Digital platforms will become the preferred and dominant business model for digital government in the future. Digital platforms offer citizens and businesses the ability to connect to government and other service providers as an integrated part of their day-to-day activities.

Digital government is data-driven. The technology, policies, standards, and human resources necessary to acquire, process, store, distribute, and improve utilization of data constitute the underlaying data infrastructure necessary to provide the reliable data that is crucial for making informed and transparent decisions.

Data in the data infrastructure comes from many sources and is used within many domains. An efficient use of government resources requires that data is stored, made available and maintained at the most appropriate level, and that it is possible to combine data from different sources and share them between several users and applications.

A data infrastructure is based on a framework that allows a community of resource providers and end-users to exchange data sets and data services with one another. A digital platform is a business based on enabling value-creating interactions between external producers and consumers. Data infrastructure and digital platforms fit well together, and the core of a data infrastructure can be developed as a digital platform.

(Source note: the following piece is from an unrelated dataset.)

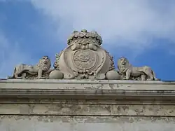 En alzado presenta dos plantas, con un cuerpo central avanzado. Pilastras toscanas, de orden gigante (peraltadas sobre un basamento) enmarcan los vanos. Las ventanas de la planta baja, de mayor luz, tienen un sencillo guardapolvo de traza horizontal, que desciende cóncavo en sus extremos. Sobre las pilastras corre un entablamento, en cuyo friso hay triglifos y bajo ellos tres gotas.
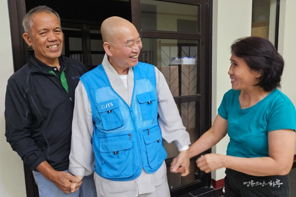 Sunim delivered funeral expenses collected together with former JTS Philippines representative Lee Won-ju and current representative Noh Jae-guk. After paying their respects, they arrived at the JTS Center at 4:20 PM.

In the geospatial domain spatial data infrastructure (SDI) has been developed since the mid-nineties with national initiatives creating national spatial data infrastructures (NSDIs), and with a regional initiative (INSPIRE) developing a pan-European spatial data infrastructure based on NSDIs.

Aligning SDI concepts and developments to digital platform concepts and developments will be of mutual benefit – and a necessity for the future of SDI. At the same time, data infrastructure – as required by digital government – can benefit substantially from the experience already available in the geospatial domain.

An important driver for a digital platform is the so-called network effects that refer to the impact that the number of users of a platform has on the value created for each user. A digital data infrastructure platform offers significant positive network effects and only few – if any – negative network effects.

Users of a digital platform can be categorized in multiple, separate, complementary classes of users interacting with each other in a multi-sided network. Network effects can be better understood by looking at the impact that the number of users in one class have on users in the same class (same-side effects) and on users in other classes (cross-side effects).

A suitable classification of users in a digital data infrastructure platform is:

  • End-users utilizing data to solve their task
  • Dataset authority protecting, taking care of, and maintaining data
  • Application suppliers offering tools utilizing data to help end-users solve their task

The most important network effects of the platform are cross-side network effects and can be summarized as follows: more end-users attract more dataset authorities and vice versa, more end-users attract more application suppliers and vice versa, and more dataset authorities attract more application suppliers and vice versa.

The digital data infrastructure platform must provide an open, participative infrastructure for the value-creating interactions and must set governance conditions for them.

Building a successful data infrastructure based on a digital platform requires a platform owner that appreciates the nature of the digital platform and its network effects, that manages the platform framework with its governance and its technology platform, and that ensures relevant measures for the quality of the value-creating interactions exchanged between the users of the digital platform.

With exchange of authenticated government data sets and data services for consumption in digital government as key feature, accountability for the role as digital data infrastructure platform owner should reside close to digital government leadership on national and supranational level.

Question is: How do we come to a mutual understanding of how to combine best practices from digital platforms with the experience available from existing (spatial) data infrastructure developments, and how do we facilitate that forces are joined in support of further development of a digital data infrastructure platform?